Watermelon is a delicious and refreshing fruit that’s also good for you.
Despite the popular belief that watermelon is just water and sugar, watermelon is actually a nutrient dense food.
It provides high levels of vitamins, minerals, and antioxidants and just a small number of calories.
It contains only 46 calories per cup, but is high in vitamin C, vitamin A and many healthy plant compounds.
Each juicy bite has significant levels of vitamins A, B6 and C, lots of lycopene, antioxidants and amino acids. There’s even a modest amount of potassium.
Watermelons have become synonymous with summer and picnics, and for good reason. Their refreshing quality and sweet taste help to combat the heat and provide a guilt-free, low maintenance dessert.
There are five common types of watermelon: yellow, orange, mini (also known as personal) seeded, and seedless.
Facts on Watermelons:
- The watermelon has been cultivated for thousands of years, with evidence stretching back to the Ancient Egyptians – who were expert cultivars.
- The watermelon (Citrullus lanatus) is related to cucumbers, pumpkins and squash.
- Over 90 percent of a watermelon is water.
- A seedless watermelon is a sterile hybrid, which is created by crossing male pollen for a watermelon, containing 22 chromosomes per cell, with a female watermelon flower with 44 chromosomes per cell. When this seeded fruit matures, the small, white seed coats inside contain 33 chromosomes, rendering it sterile and incapable of producing seeds.
- Egyptians placed watermelons in the burial tombs of kings to nourish them in the afterlife. The first recorded watermelon harvest is depicted in Egyptian hieroglyphics from about 5,000 years ago.
- According to the Food and Agriculture Organisation of the United Nations (FAO), China is the top producer, with 75 million produced in 2014.
- About 200 to 300 varieties are grown in the United States and Mexico, but only about 50 varieties are very popular.
- The watermelon is the official state vegetable of Oklahoma.
- The first cookbook published in the United States in 1776 contained a recipe for watermelon rind pickles.
- Guinness World Records says the world’s heaviest watermelon was grown by Lloyd Bright of Arkadelphia, Arkansas, in 2005. It weighed 268.8 lbs. (121.93 kg).
- Watermelon is thought to aid conditions including asthma, cancer, and inflammation.
- Early explorers used watermelons as canteens.
- The Moors in the 13th century brought watermelons to Europe.
- The watermelon probably originated in the Kalahari Desert in Africa.
- All parts of a watermelon can be eaten, even the rind.
The Benefits of the Watermelon
– Watermelon’s high levels of lycopene are very effective at protecting cells from damage and may help lower the risk of heart disease (according to a study at Purdue University)
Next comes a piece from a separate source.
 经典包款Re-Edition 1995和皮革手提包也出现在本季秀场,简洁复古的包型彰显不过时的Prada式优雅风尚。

– Lycopene in watermelon is an inhibitor for various inflammatory processes and also works as an antioxidant to neutralize free radicals.
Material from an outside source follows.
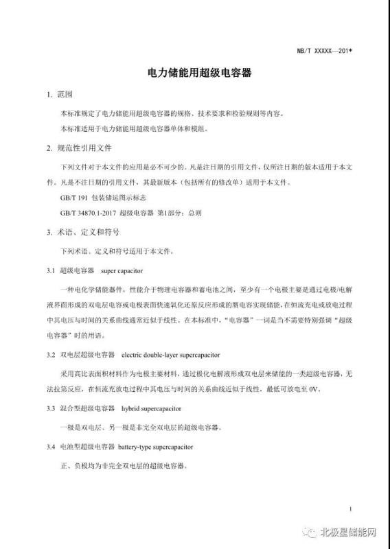 《電力儲能用超級電容器》能源行業(yè)標準征求意見稿
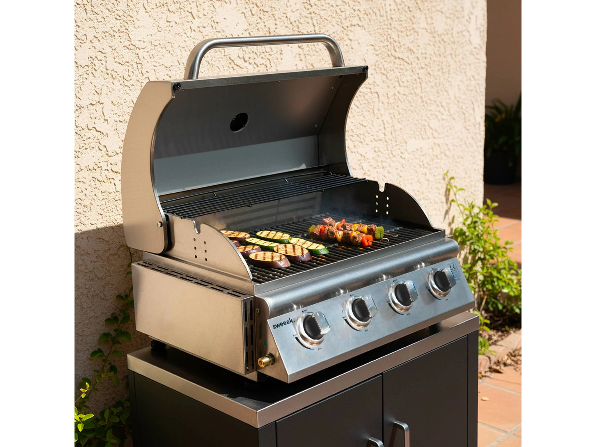 Parrilla de gas 4 quemadores empotrable plata

– Watermelon is a fruit, and has many of the associated benefits including weight loss and energy levels.
– Watermelons help with overall hydration, we can get 20-30 percent of our fluid needs through our diet alone, and foods like these certainly help.
– Watermelon juice is full of good electrolytes. This can even help prevent heat stroke.
– The watermelon contains fiber, which encourages a healthy digestive tract and helps keep you regular.
– Many studies have suggested that increasing consumption of plant foods like watermelon decreases the risk of obesity and overall mortality, diabetes, and heart disease.
– Just a cup of watermelon contains nearly one-quarter of your recommended daily intake of it vitamin A, helps keep skin and hair moisturized, and it also encourages healthy growth of new collagen and elastin cells.
– Drinking watermelon juice before an intense workout helps reduce next-day muscle soreness and heart rate, this can be attributed to watermelon’s amino acids citrulline and arginine, which help improve circulation.
– Like other fruits and vegetables, watermelons may be helpful in reducing the risk of cancer through their antioxidant properties. Lycopene in particular has been linked to reducing prostate cancer cell proliferation.
– Blended – place diced watermelon and a few ice cubes in a blender for a cold, refreshing electrolyte drink that is perfect for rehydrating after exercise or a day on the sun.
Here’s what you need to look for in order to spot the perfect watermelon specimen
There’s a definite art to picking the very best watermelons. It involves weighing the watermelon between your hands, turning it over, and giving it a firm thwap on the underside. Why? A heavy watermelon with a splotch on its belly and a hollow sound means it is brimming with juice and at the peak of its ripeness.
How to Pick a Watermelon at the Grocery Store
– Big or small, the watermelon should feel heavy for its size.
– Look for the yellow spot, watermelons develop a splotch where they rest on the ground. When this splotch is creamy yellow, it’s ripe.
– Tap the underbelly of the watermelon. A ripe one will have a deep hollow sound.